La temporada de verano suele ser sinónimo de playa, baño, barbacoas y relax con la familia y los amigos al aire libre. ¡Pero eso sin contar con la presencia intempestiva de mosquitos a los que les gusta especialmente el calor y la humedad y disfrutan mucho picándonos! Sprays, sockets, gel, homeopatía, todo es una excusa para alejarlos o calmar sus picaduras.

Otro factor que atrae a los mosquitos hacia nosotros es el calor de nuestro cuerpo. De hecho, la combinación de lo que emite el cuerpo humano atrae fuertemente a los mosquitos. La emisión de dióxido de carbono les permite detectarnos, los olores corporales y las bacterias que alberga nuestro cuerpo les permiten detectarnos a la velocidad del rayo. Así, son atraídos por todas las sustancias que libera nuestra piel a través de la transpiración.

Protégete y deshazte de los mosquitos 

Por supuesto la primera idea que se nos viene a la cabeza y que casi todo el mundo usa, es el repelente de mosquitos en spray aunque los tapabocas, mucho más ecológicos al igual que los repelentes de piel, también son muy populares durante el verano. Aunque efectivos en el momento, los aerosoles pueden ser relativamente dañinos para la salud y para la capa de ozono debido a su concentración de químicos y otros gases bajo presión. De ahí la importancia de dar la vuelta y utilizar repelentes naturales para ahuyentar a este insecto estrella tan invasivo cuyas picaduras resultan sumamente desagradables.

repelentes naturales 

Aceite esencial de eucalipto limón 

Sobre todo, el aceite de eucalipto limón tiene virtudes

antiinflamatorios. ¡Muy efectivo para calmar la picazón después de una picadura de mosquito desagradable! Además, el eucalipto ejerce una actividad analgésica, principalmente gracias a sus propiedades antioxidantes y

antiinflamatorios. Su agradable aroma a limón lo convierte en un excelente aliado para repeler y mantener a raya a los mosquitos. 

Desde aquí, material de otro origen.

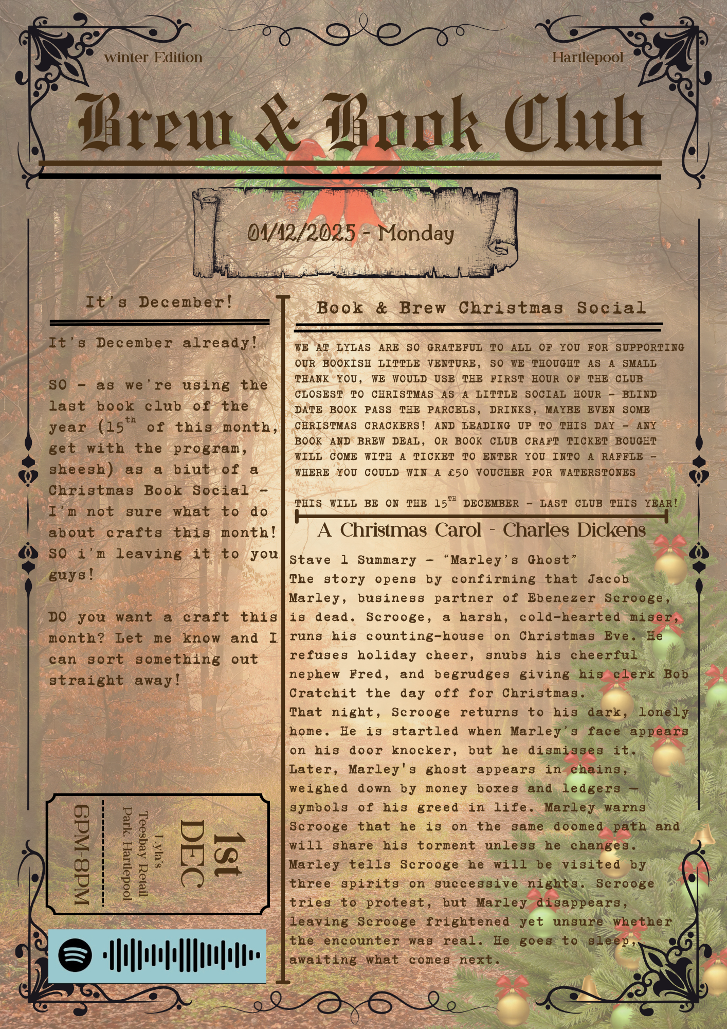 We are excited to announce our weekly Brew & Book Club at Lylas. Based on customer feedback this will be a community focused book club! We welcome you to pop on down every Monday, with a book, for a cozy time!!
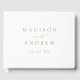 Gästboken i elegant bröllop med namn och bröllop-datum i guld med text på vit bakgrund. Anpassa ryggraden på den enkla gästen bok i bröllop med ditt gifta datum namn och bröllop.

aceite esencial de limoncillo

Las moléculas contenidas en el aceite esencial de limoncillo perturban el sistema nervioso de los insectos que prefieren mantenerse alejados de él. Estas mismas moléculas que actúan como repelente también serán muy útiles para calmar el picor y la inflamación que provoca la picadura. El mosquito, cuando nos pica, nos inyecta una molécula anticoagulante, que le permite chupar la sangre a su antojo. Por lo tanto, esto es lo que conduce a la formación de edema y picazón, porque nuestro sistema inmunológico envía los glóbulos blancos para luchar contra el invasor. El olor a limón que emana del aceite esencial repele fuertemente a los mosquitos, especialmente si pones unas gotas de aceite esencial de citronela en tu ropa, que también es particularmente efectivo por difusión atmosférica.

frutas cítricas

A los mosquitos no les gustan mucho los olores a limón, por lo que será necesario favorecer las plantas con aromas cítricos para repeler a los indeseables. Las cáscaras de limón y naranja, una vez frotadas suavemente sobre la piel en verano, también ahuyentan a los mosquitos.

Tarros repelentes de mosquitos naturales 

La combinación de aceites esenciales y frutas cítricas es una combinación que es al menos efectiva para mantener alejados a los mosquitos. Esto es lo que necesitará para preparar el repelente natural con aceites esenciales y frutas cítricas: 

  • 2 macetas de jardín
  • 10 gotas de aceite esencial de eucalipto limón
  • 10 gotas de aceite esencial de limoncillo
  • Un limón, en rodajas
  • Una lima, en rodajas
  • 4 ramitas de romero
  • velas flotantes

Coloque cantidades iguales de rodajas de limón y lima en cada frasco, luego agregue 2 ramitas de romero. Luego, llena el frasco con agua y agrega 10 gotas de aceites esenciales. Finalmente, coloque una vela flotante en él y enciéndala. 

Estos frascos para colocar en todos los espacios al aire libre, en terrazas y espacios ventilados como terrazas y balcones son una excelente manera de repeler los mosquitos de forma natural.

En primer lugar, y para evitar ser picado, es importante empezar a eliminar todas las fuentes de agua estancada de tu casa y jardín, como los platillos debajo de las macetas y el agua de los canalones que puedan ser utilizados como criaderos.